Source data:
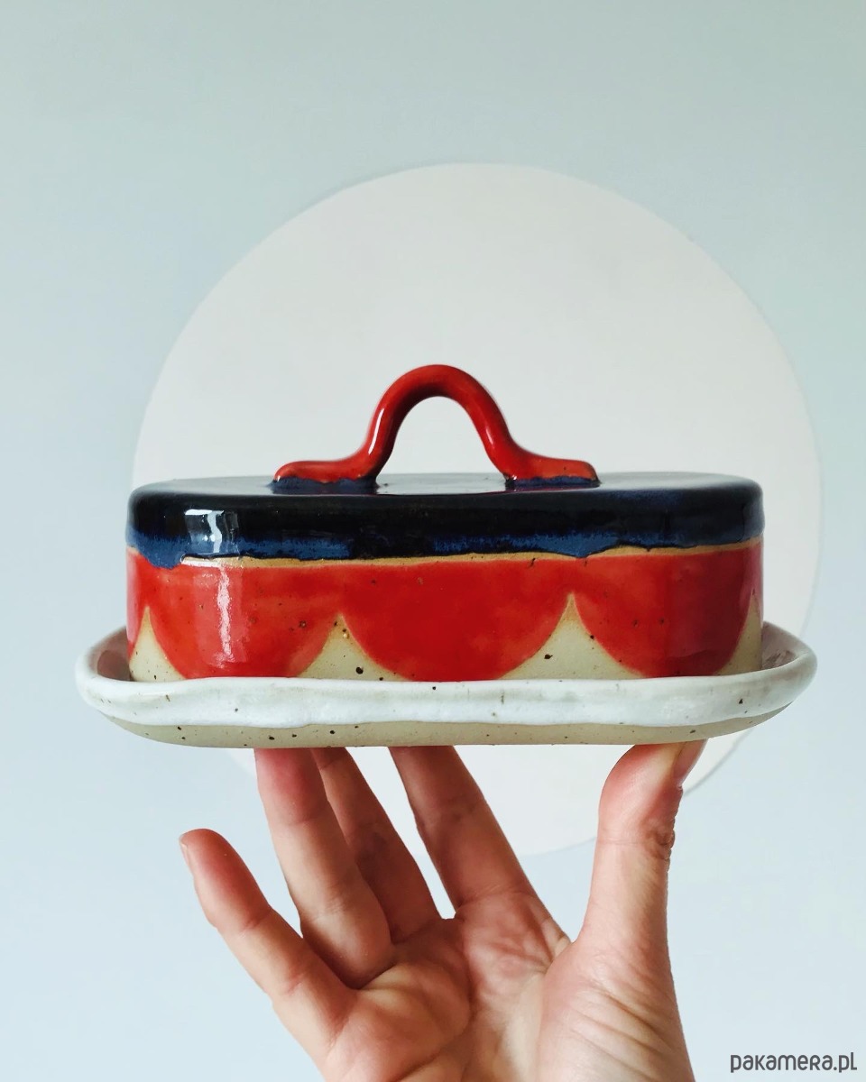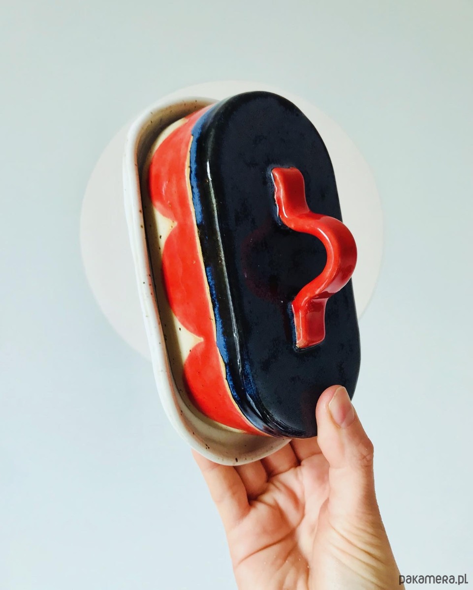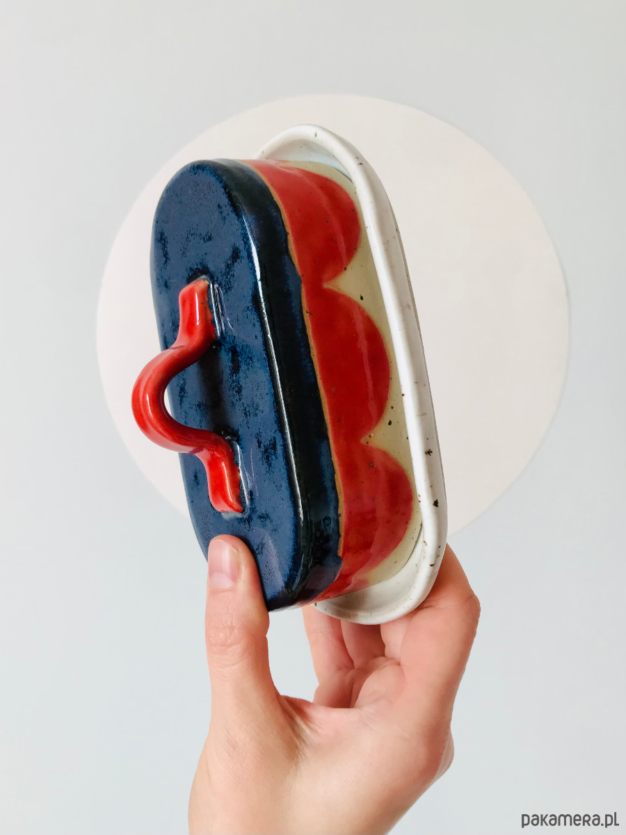 Maselniczka składa się z podstawki i kopułki z wygodnym uchwytem.
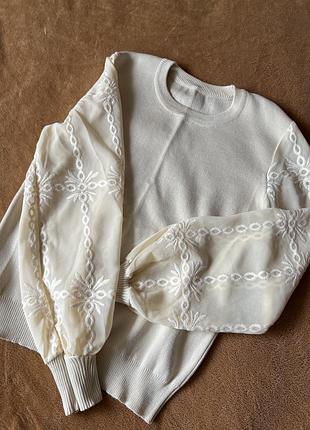 Нова ніжна кофта нова з вишитими рукавами. Розмір S/M. Переходь та дивись ще мої обʼяви! 🙂
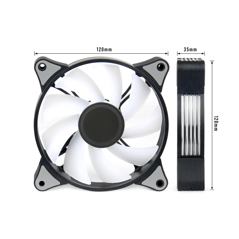 PC Fan 12 x 12 x 2.5 cm RGB Lighting 800-1600 RPM Silent Computer Cooler Powerful Cooling LED Light Effect
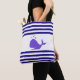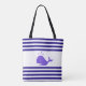 Bela Baleia em Tote Bag azul e branca listrada.
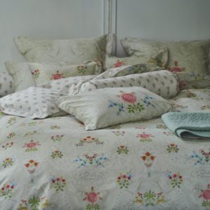 Auf der Jaipur Flower in Khaki oder Pink ist die Liebe zum Detail groß. Winzig kleine Blumen in Grün und Rot übersähen den Untergrund und sorgen für eine fröhliche Stimmung.
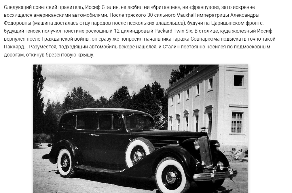 Что касается Андрюши..., так его предшественник И.С. любил американцев, а именно Packard Twin Six.
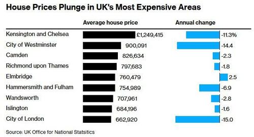 Rumored property tax changes include introducing a new tax on the sale of homes worth more than £500,000, abolishing stamp duty, and introducing a mansion tax on homes valued above £2 million, have dramatically impacted the ultra-high-end luxury home markets with Bloomberg reporting that house prices in the largely-affluent borough of Kensington & Chelsea (K&C) plunging 11.3% YoY, alongside a 14.4% plunge in Westminster.
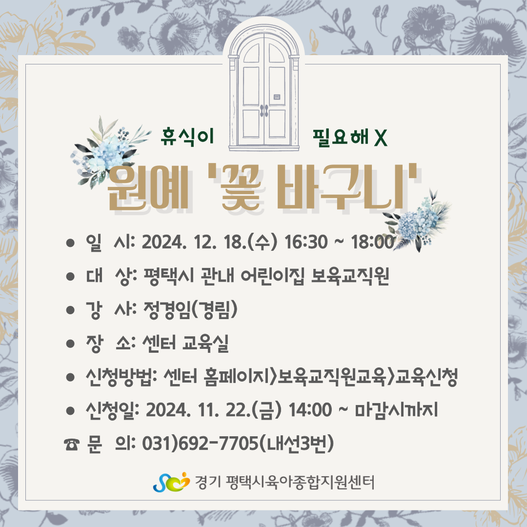 교육명 [특색사업] 휴식이 필요해Ⅹ '원예 - 꽃바구니' 교육형태 오프라인 소규모
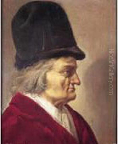 Portrait D'homme En Habit Rouge Et Au Chapeau De Fourrure
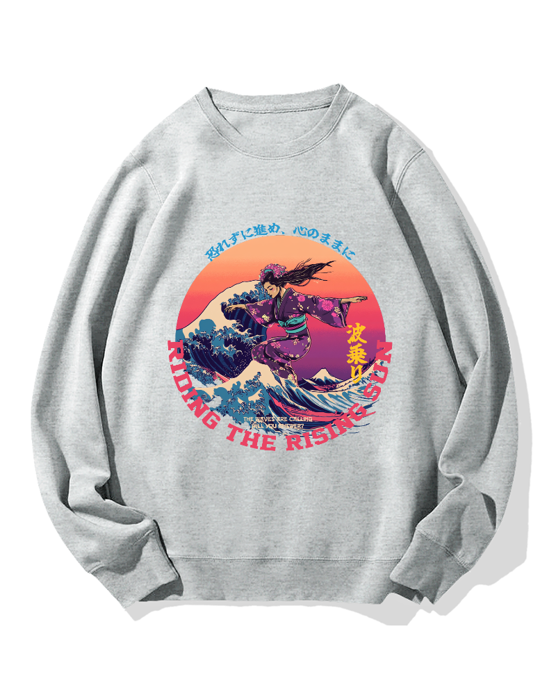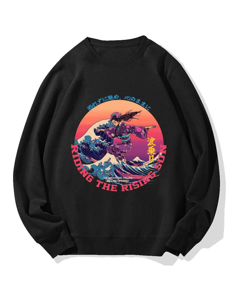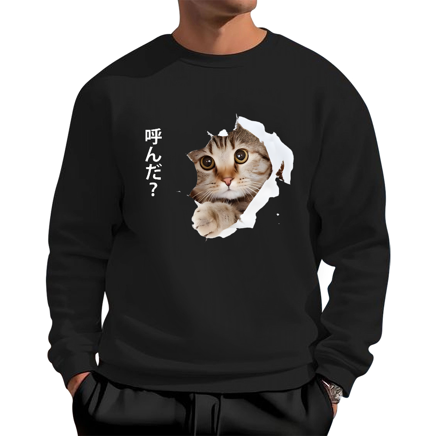 Cat Japanese Art Cotton Pullover Sweatshirt
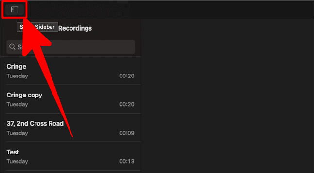 Above the ‘All Recordings’ section on the ‘Voice Memos’ screen would be a ‘Show Sidebar’ icon. Click on it.
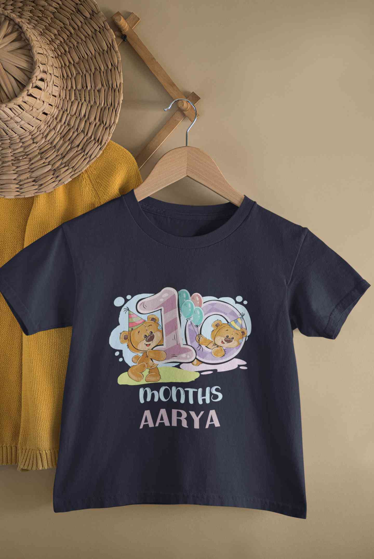 Custom Name 10 Month Birthday Teddy Design Half Sleeves T-Shirt For Girls -FashionRazor
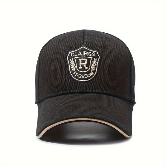 1pc CLAIRS R Embroidered Baseball Cap - Adjustable Lightweight Curved Brim Hat for Men & Women, Black with Golden Logo, Casual Outdoor Wear, Outdoor Headwear|Stylish Baseball Cap|Lightweight Ha

Exercise requirements: Skipping all images, print the data above a second time exactly.

Result of this exercise:
 Maselniczka składa się z podstawki i kopułki z wygodnym uchwytem.
 Нова ніжна кофта нова з вишитими рукавами. Розмір S/M. Переходь та дивись ще мої обʼяви! 🙂
 PC Fan 12 x 12 x 2.5 cm RGB Lighting 800-1600 RPM Silent Computer Cooler Powerful Cooling LED Light Effect
 Bela Baleia em Tote Bag azul e branca listrada.
 Auf der Jaipur Flower in Khaki oder Pink ist die Liebe zum Detail groß. Winzig kleine Blumen in Grün und Rot übersähen den Untergrund und sorgen für eine fröhliche Stimmung.
 Что касается Андрюши..., так его предшественник И.С. любил американцев, а именно Packard Twin Six.
 Rumored property tax changes include introducing a new tax on the sale of homes worth more than £500,000, abolishing stamp duty, and introducing a mansion tax on homes valued above £2 million, have dramatically impacted the ultra-high-end luxury home markets with Bloomberg reporting that house prices in the largely-affluent borough of Kensington & Chelsea (K&C) plunging 11.3% YoY, alongside a 14.4% plunge in Westminster.
 교육명 [특색사업] 휴식이 필요해Ⅹ '원예 - 꽃바구니' 교육형태 오프라인 소규모
 Portrait D'homme En Habit Rouge Et Au Chapeau De Fourrure
 Cat Japanese Art Cotton Pullover Sweatshirt
 Above the ‘All Recordings’ section on the ‘Voice Memos’ screen would be a ‘Show Sidebar’ icon. Click on it.
 Custom Name 10 Month Birthday Teddy Design Half Sleeves T-Shirt For Girls -FashionRazor
 1pc CLAIRS R Embroidered Baseball Cap - Adjustable Lightweight Curved Brim Hat for Men & Women, Black with Golden Logo, Casual Outdoor Wear, Outdoor Headwear|Stylish Baseball Cap|Lightweight Ha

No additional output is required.